***** Data excerpts *****

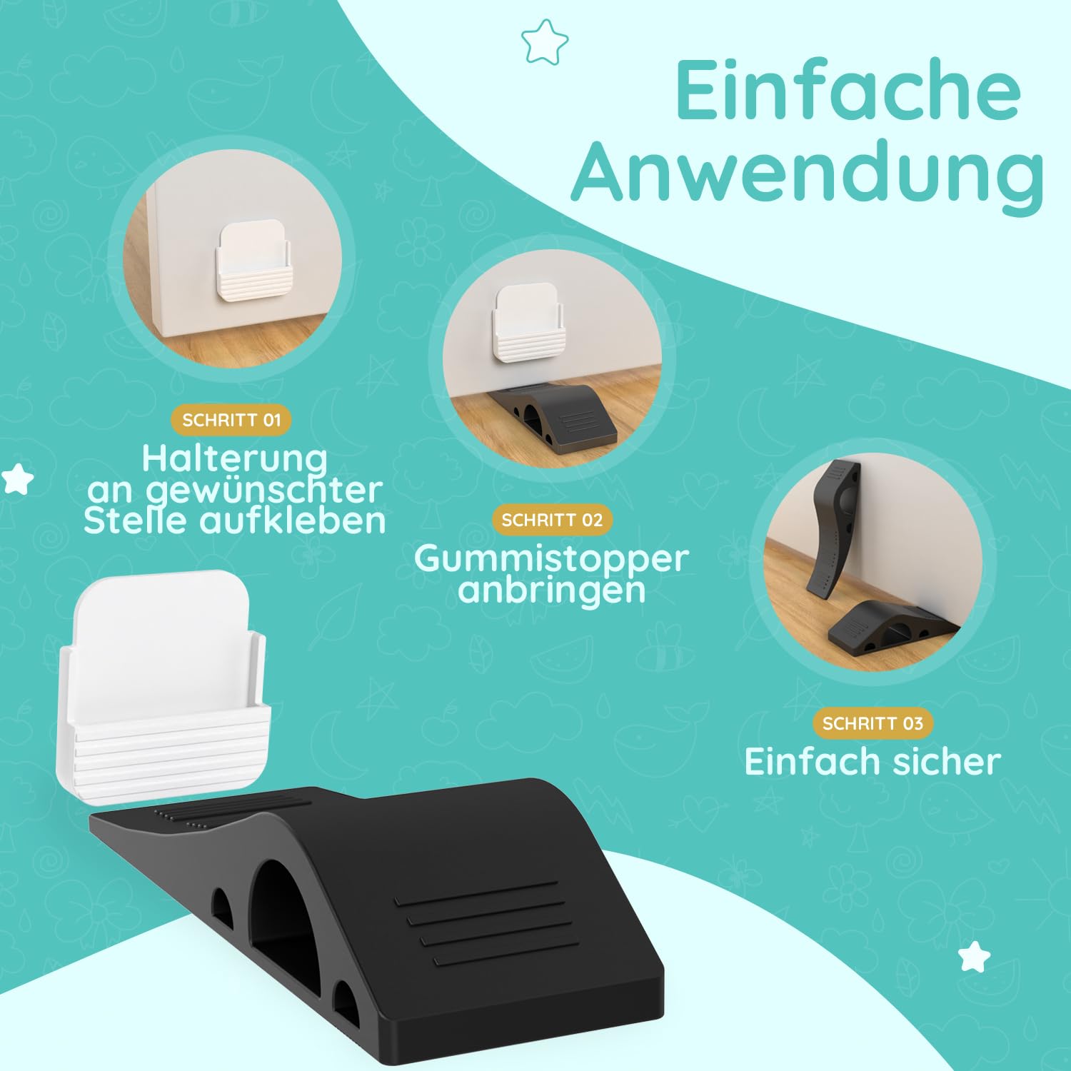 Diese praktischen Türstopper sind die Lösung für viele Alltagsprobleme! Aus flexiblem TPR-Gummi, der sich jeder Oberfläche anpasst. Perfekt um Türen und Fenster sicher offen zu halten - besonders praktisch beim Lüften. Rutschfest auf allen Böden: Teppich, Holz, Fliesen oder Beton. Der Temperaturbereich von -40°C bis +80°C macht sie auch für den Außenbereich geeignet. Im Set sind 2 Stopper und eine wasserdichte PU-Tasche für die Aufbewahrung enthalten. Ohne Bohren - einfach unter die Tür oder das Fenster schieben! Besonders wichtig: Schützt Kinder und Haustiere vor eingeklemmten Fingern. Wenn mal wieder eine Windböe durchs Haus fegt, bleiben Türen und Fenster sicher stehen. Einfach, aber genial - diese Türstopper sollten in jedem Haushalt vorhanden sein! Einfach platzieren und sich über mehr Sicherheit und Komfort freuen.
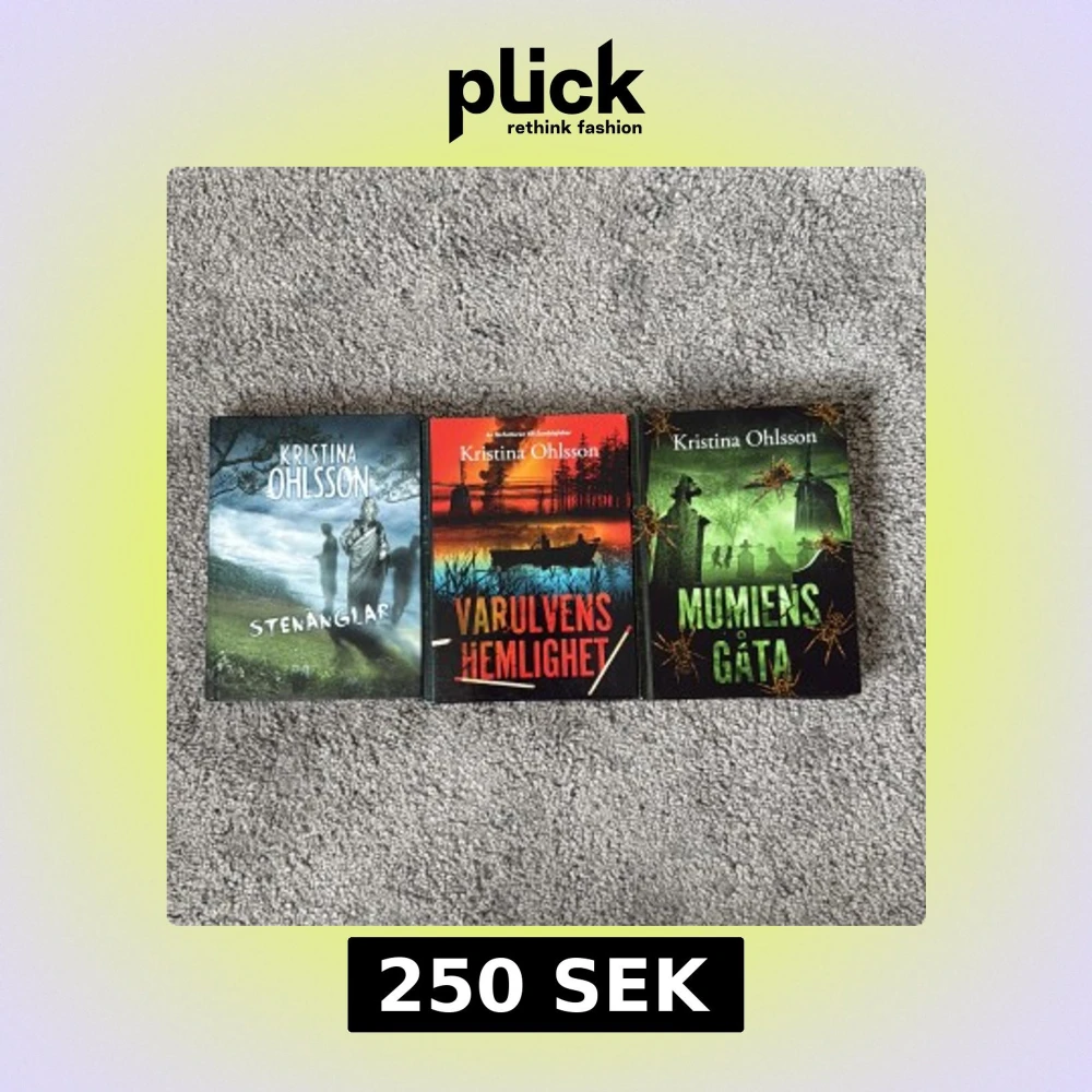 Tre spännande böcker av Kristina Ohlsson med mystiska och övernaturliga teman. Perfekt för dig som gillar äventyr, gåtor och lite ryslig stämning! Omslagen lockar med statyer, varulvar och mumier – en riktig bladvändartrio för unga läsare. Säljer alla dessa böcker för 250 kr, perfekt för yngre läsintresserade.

*****
***** Data excerpts *****

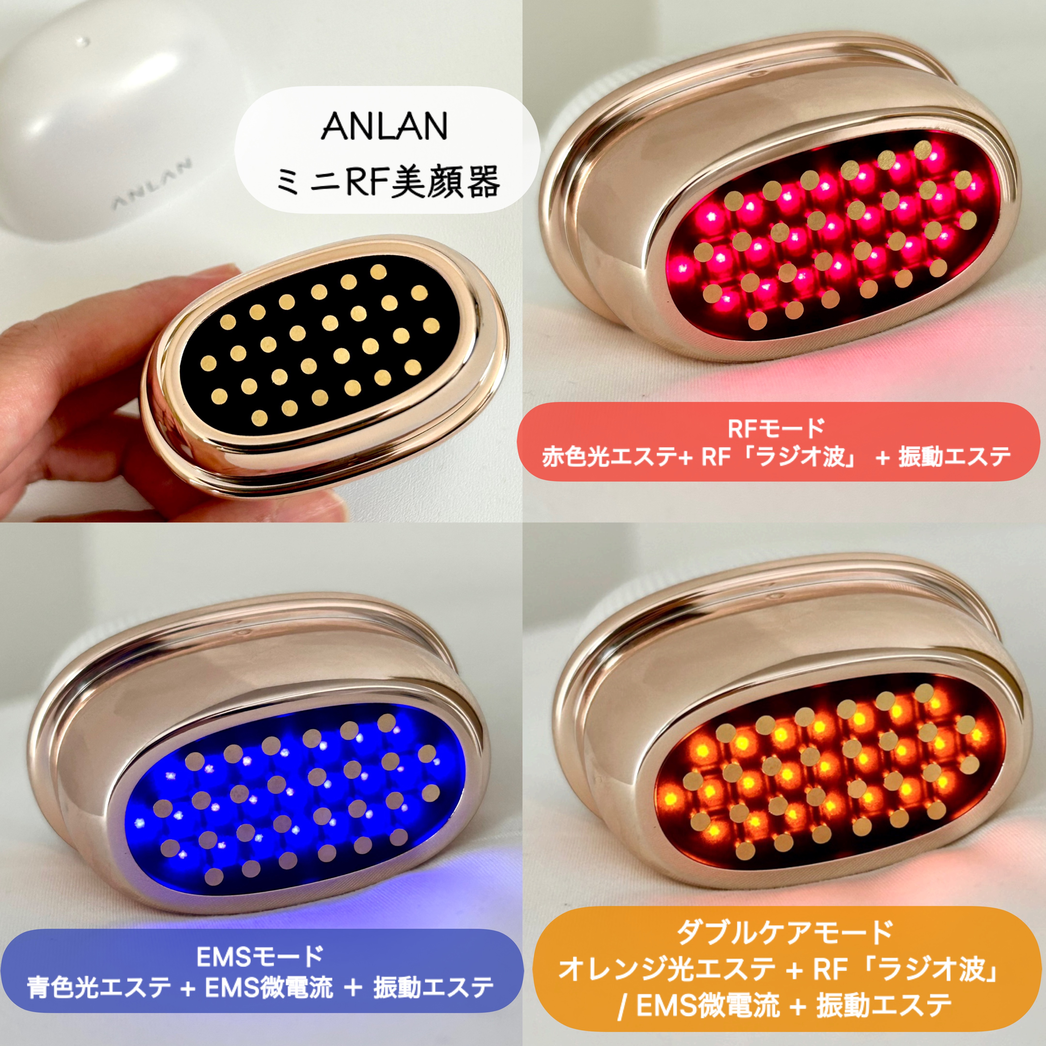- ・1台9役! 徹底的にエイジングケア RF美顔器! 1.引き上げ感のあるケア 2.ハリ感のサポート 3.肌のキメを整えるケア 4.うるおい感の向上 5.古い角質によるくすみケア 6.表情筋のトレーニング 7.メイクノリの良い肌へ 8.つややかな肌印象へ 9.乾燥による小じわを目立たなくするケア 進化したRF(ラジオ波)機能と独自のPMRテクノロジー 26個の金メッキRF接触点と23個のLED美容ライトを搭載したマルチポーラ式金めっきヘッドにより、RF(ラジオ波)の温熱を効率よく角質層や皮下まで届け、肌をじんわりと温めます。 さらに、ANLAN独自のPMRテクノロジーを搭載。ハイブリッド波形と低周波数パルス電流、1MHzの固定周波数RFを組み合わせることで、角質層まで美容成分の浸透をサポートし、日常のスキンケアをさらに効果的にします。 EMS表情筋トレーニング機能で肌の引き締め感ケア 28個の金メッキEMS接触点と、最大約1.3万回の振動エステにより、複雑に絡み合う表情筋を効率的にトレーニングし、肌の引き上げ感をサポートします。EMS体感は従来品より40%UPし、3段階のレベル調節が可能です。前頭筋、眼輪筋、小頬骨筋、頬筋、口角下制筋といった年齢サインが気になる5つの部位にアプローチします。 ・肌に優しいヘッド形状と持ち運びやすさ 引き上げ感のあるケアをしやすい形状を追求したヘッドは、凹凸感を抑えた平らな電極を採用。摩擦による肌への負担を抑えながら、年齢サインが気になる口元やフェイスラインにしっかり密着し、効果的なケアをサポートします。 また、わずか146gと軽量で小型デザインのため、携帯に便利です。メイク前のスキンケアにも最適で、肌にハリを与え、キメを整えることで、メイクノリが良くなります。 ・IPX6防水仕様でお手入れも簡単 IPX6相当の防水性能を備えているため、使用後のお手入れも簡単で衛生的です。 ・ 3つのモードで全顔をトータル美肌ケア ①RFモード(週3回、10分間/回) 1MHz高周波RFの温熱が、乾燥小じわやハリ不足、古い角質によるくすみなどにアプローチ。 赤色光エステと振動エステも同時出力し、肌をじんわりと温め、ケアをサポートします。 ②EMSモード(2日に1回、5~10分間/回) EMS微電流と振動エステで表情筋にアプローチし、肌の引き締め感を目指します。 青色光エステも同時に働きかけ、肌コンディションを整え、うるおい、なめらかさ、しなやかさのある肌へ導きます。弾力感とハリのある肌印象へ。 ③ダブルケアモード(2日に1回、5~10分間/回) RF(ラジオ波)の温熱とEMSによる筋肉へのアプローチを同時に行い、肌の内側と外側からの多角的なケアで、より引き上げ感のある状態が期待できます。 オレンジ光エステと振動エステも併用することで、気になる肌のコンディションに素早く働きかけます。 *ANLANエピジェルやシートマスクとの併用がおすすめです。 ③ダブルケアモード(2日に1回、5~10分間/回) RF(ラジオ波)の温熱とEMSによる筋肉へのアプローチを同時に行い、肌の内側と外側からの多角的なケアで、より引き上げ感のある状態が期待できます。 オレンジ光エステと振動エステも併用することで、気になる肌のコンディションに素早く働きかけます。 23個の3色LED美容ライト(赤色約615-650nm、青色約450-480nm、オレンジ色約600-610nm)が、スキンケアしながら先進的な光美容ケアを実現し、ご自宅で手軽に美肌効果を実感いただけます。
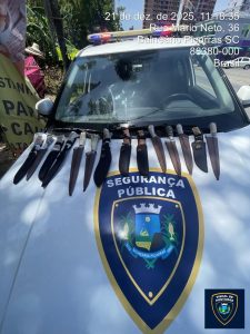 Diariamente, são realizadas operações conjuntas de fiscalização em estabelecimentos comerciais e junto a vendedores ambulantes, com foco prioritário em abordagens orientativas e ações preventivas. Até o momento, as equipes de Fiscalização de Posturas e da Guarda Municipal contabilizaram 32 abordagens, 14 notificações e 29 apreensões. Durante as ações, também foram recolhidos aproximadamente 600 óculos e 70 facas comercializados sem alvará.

*****

▸ **Aim of the exercise**:
Each line above that falls between the line with "Diese praktischen Türstopper" and the line with "Tre spännande böcker" should be printed exactly, together with those two lines, but the pictures should not.

▸ **Reply to the task**:
 Diese praktischen Türstopper sind die Lösung für viele Alltagsprobleme! Aus flexiblem TPR-Gummi, der sich jeder Oberfläche anpasst. Perfekt um Türen und Fenster sicher offen zu halten - besonders praktisch beim Lüften. Rutschfest auf allen Böden: Teppich, Holz, Fliesen oder Beton. Der Temperaturbereich von -40°C bis +80°C macht sie auch für den Außenbereich geeignet. Im Set sind 2 Stopper und eine wasserdichte PU-Tasche für die Aufbewahrung enthalten. Ohne Bohren - einfach unter die Tür oder das Fenster schieben! Besonders wichtig: Schützt Kinder und Haustiere vor eingeklemmten Fingern. Wenn mal wieder eine Windböe durchs Haus fegt, bleiben Türen und Fenster sicher stehen. Einfach, aber genial - diese Türstopper sollten in jedem Haushalt vorhanden sein! Einfach platzieren und sich über mehr Sicherheit und Komfort freuen.
 Tre spännande böcker av Kristina Ohlsson med mystiska och övernaturliga teman. Perfekt för dig som gillar äventyr, gåtor och lite ryslig stämning! Omslagen lockar med statyer, varulvar och mumier – en riktig bladvändartrio för unga läsare. Säljer alla dessa böcker för 250 kr, perfekt för yngre läsintresserade.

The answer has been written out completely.